Buffett, who oversees the largest reinsurer in the U.S., has assumed risks from XL Group Plc and CNA Financial Corp. as carriers have moved to simplify or limit liabilities. Buffett, 80, has also wagered on the market through stock picks. He built a stake of more than 10 percent in Munich Re, the world’s biggest reinsurer. Last year, Buffett injected $2.7 billion into No. 2 Swiss Reinsurance Co.
“This transaction releases capital which can be put to work in other businesses,” Sun Life Chief Executive Officer Donald Stewart said in the statement. “Our reinsurance business is profitable, but it is not a growth area for Sun Life.”
Berkshire fell $2,812, or 2.3 percent, to $120,643 at 1:29 p.m. in New York Stock Exchange composite trading. Sun Life slipped 15 cents to C$27.88 on the Toronto Stock Exchange.
Sun Life, Canada’s third-largest insurer, is focusing its main businesses, which include life insurance in Canada, the U.S. and Asia and Boston-based money manager MFS Investment Management. The company is scheduled to release third-quarter results Nov. 3.

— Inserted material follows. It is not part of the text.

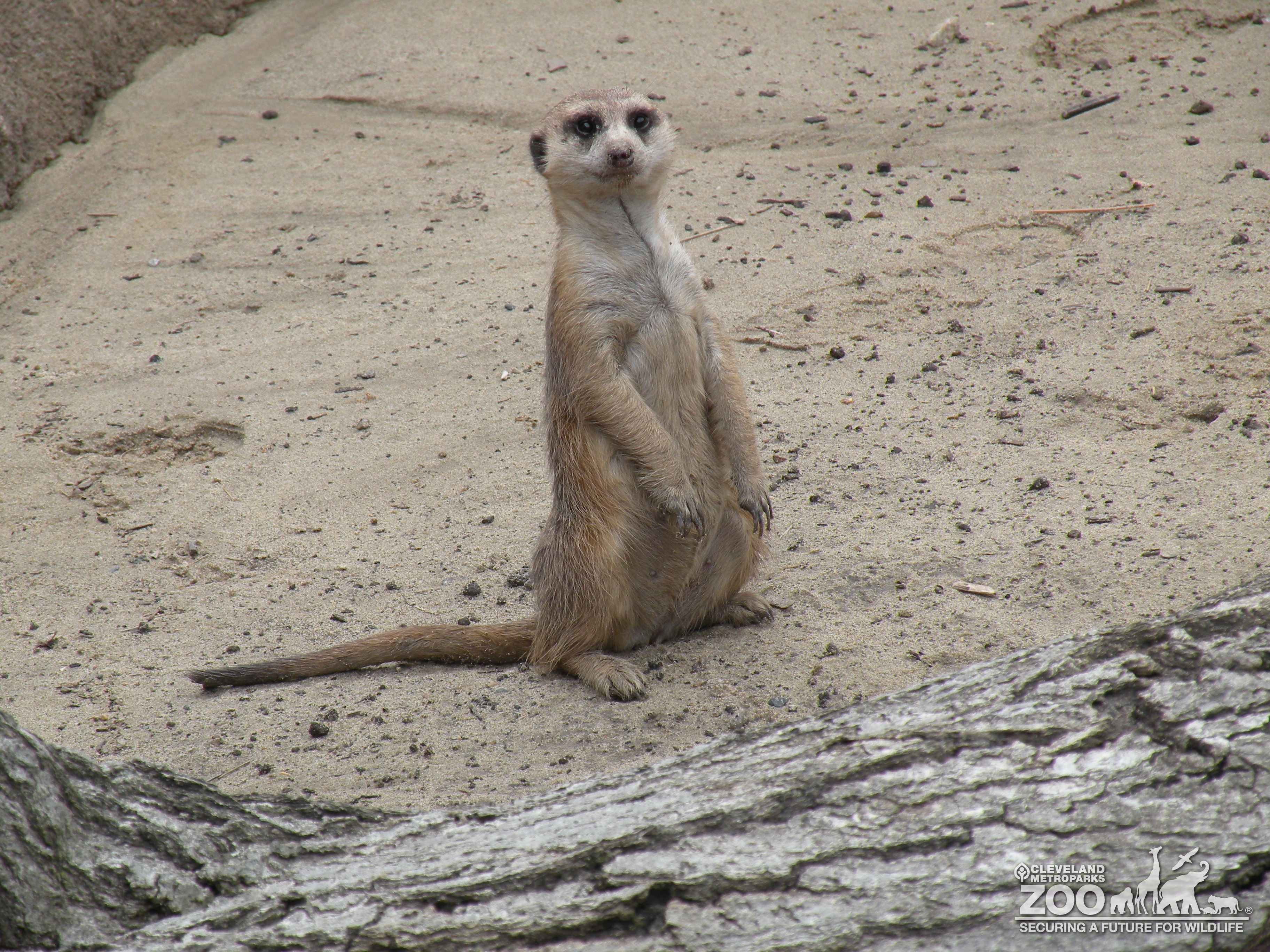 Meerkat sitting upright on the look out. Animal is outside in its habitat. Meerkats are a little large than squirrels but slimmer. Their tails are long and fur covered and not bushy like a squirrels.

Berkshire agreed in July to assume liabilities tied to asbestos and pollution claims from Chicago-based CNA in exchange for a $2 billion fee. Berkshire’s reinsurance businesses provides premium revenue, which Buffett uses to buy stocks and bonds and earn investment returns. Berkshire this week announced the hiring of hedge-fund manager Todd Combs to help oversee the company’s portfolio.
Sun Life’s deal with Omaha, Nebraska-based Berkshire, where Buffett is also CEO, is expected to be completed Dec. 31, according to the statement. Terms weren’t disclosed.